Entries taken from a collection
____
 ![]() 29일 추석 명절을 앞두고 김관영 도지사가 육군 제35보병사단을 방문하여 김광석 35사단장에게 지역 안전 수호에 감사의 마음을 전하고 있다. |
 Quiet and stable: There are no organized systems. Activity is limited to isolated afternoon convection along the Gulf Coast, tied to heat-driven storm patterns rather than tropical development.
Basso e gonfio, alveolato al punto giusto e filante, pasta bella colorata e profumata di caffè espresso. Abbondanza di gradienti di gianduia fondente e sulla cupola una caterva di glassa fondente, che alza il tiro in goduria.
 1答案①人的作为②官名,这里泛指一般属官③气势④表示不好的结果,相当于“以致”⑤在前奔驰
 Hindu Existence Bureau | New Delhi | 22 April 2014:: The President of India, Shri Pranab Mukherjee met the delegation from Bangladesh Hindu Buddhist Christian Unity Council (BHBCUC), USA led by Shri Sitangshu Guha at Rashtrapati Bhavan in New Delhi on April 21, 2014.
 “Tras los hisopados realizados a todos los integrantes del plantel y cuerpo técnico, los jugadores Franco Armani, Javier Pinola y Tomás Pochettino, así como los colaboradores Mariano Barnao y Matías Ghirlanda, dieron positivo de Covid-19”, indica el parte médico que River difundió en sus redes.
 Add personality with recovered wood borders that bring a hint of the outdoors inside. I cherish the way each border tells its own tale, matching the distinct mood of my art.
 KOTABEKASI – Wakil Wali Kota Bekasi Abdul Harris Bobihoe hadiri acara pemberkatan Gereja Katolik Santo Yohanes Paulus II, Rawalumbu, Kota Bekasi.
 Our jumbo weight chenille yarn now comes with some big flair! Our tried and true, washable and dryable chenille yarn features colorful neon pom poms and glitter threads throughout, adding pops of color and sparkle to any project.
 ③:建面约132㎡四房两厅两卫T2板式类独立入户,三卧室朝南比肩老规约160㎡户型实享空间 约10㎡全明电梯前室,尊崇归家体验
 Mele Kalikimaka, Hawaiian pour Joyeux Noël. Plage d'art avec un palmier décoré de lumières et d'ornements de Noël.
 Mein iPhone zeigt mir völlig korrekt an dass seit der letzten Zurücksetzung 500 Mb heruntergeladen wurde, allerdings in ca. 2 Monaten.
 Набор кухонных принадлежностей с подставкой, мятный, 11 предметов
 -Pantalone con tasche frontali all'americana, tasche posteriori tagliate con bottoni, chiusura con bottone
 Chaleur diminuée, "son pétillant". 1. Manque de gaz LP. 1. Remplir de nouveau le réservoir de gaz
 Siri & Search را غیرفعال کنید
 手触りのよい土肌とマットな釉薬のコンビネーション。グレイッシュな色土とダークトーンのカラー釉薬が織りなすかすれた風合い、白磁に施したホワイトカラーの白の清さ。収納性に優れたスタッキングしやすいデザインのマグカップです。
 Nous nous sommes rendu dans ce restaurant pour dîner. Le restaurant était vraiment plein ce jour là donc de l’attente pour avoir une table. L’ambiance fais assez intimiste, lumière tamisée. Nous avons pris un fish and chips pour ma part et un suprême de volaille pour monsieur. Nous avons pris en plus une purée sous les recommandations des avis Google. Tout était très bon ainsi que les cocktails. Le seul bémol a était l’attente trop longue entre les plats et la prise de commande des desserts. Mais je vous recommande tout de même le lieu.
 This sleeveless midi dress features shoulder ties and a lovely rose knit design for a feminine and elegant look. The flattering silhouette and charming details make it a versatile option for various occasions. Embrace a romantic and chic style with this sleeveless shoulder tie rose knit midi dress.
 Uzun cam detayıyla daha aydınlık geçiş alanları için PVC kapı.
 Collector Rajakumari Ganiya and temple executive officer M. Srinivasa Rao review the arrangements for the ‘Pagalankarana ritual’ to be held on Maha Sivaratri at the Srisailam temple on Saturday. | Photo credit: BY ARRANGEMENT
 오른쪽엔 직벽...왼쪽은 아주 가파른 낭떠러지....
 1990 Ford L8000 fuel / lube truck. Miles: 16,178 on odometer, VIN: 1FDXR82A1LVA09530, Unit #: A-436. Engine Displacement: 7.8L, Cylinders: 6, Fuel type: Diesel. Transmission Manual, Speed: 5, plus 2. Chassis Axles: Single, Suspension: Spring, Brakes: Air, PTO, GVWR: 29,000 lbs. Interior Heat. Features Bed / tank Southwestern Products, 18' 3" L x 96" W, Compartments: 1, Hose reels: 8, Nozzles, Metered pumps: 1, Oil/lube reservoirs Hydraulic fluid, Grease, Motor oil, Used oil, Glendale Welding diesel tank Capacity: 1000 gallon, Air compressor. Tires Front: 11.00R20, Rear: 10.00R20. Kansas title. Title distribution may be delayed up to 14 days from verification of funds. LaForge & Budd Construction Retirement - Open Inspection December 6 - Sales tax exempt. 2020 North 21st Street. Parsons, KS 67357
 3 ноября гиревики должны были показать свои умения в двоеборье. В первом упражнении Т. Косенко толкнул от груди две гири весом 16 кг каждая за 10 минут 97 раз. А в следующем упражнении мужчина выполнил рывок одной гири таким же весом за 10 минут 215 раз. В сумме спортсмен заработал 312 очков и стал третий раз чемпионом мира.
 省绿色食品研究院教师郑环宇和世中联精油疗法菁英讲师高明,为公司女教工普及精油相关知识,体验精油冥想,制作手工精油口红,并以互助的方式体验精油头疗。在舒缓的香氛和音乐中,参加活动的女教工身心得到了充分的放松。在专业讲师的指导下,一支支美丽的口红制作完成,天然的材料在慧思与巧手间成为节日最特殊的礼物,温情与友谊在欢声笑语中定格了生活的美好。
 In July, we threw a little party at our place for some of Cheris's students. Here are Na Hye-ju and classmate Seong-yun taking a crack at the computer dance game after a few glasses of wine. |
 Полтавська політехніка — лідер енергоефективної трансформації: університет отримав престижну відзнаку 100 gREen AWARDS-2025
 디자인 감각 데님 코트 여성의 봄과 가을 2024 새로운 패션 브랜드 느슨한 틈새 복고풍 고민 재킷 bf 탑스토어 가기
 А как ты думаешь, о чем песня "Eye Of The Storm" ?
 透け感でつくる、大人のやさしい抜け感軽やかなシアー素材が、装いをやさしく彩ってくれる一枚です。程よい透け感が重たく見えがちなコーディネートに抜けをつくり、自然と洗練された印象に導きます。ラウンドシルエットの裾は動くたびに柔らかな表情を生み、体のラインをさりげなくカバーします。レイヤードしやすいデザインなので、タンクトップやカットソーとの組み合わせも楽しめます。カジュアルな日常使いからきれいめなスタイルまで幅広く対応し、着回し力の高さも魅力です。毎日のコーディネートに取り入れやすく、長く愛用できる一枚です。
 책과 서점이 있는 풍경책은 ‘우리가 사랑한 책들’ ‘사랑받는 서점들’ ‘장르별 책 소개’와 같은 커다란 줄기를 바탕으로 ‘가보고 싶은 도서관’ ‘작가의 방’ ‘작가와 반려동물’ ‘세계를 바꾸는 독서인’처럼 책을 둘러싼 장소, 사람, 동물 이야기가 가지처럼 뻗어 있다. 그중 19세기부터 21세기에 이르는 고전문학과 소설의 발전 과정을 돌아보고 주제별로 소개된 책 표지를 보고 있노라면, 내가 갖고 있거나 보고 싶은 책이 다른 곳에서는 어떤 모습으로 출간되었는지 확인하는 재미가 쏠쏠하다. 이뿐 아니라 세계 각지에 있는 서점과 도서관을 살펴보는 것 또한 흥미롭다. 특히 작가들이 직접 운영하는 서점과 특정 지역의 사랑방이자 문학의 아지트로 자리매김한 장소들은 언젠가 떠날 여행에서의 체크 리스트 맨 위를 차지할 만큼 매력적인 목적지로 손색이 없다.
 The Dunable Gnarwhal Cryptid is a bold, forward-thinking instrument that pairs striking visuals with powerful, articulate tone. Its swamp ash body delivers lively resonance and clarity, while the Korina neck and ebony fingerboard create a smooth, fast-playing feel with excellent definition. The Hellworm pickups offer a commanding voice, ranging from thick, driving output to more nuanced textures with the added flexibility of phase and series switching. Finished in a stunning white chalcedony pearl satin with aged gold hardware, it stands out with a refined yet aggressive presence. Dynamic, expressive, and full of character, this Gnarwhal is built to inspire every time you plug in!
____
EXERCISE OBJECTIVE
Take the lines above from the one containing "디자인 감각 데님 코트" to the one containing "А как ты думаешь, о" and retype them exactly, both ends included, with nothing added.

RESPONSE TO THIS TASK
 디자인 감각 데님 코트 여성의 봄과 가을 2024 새로운 패션 브랜드 느슨한 틈새 복고풍 고민 재킷 bf 탑스토어 가기
 А как ты думаешь, о чем песня "Eye Of The Storm" ?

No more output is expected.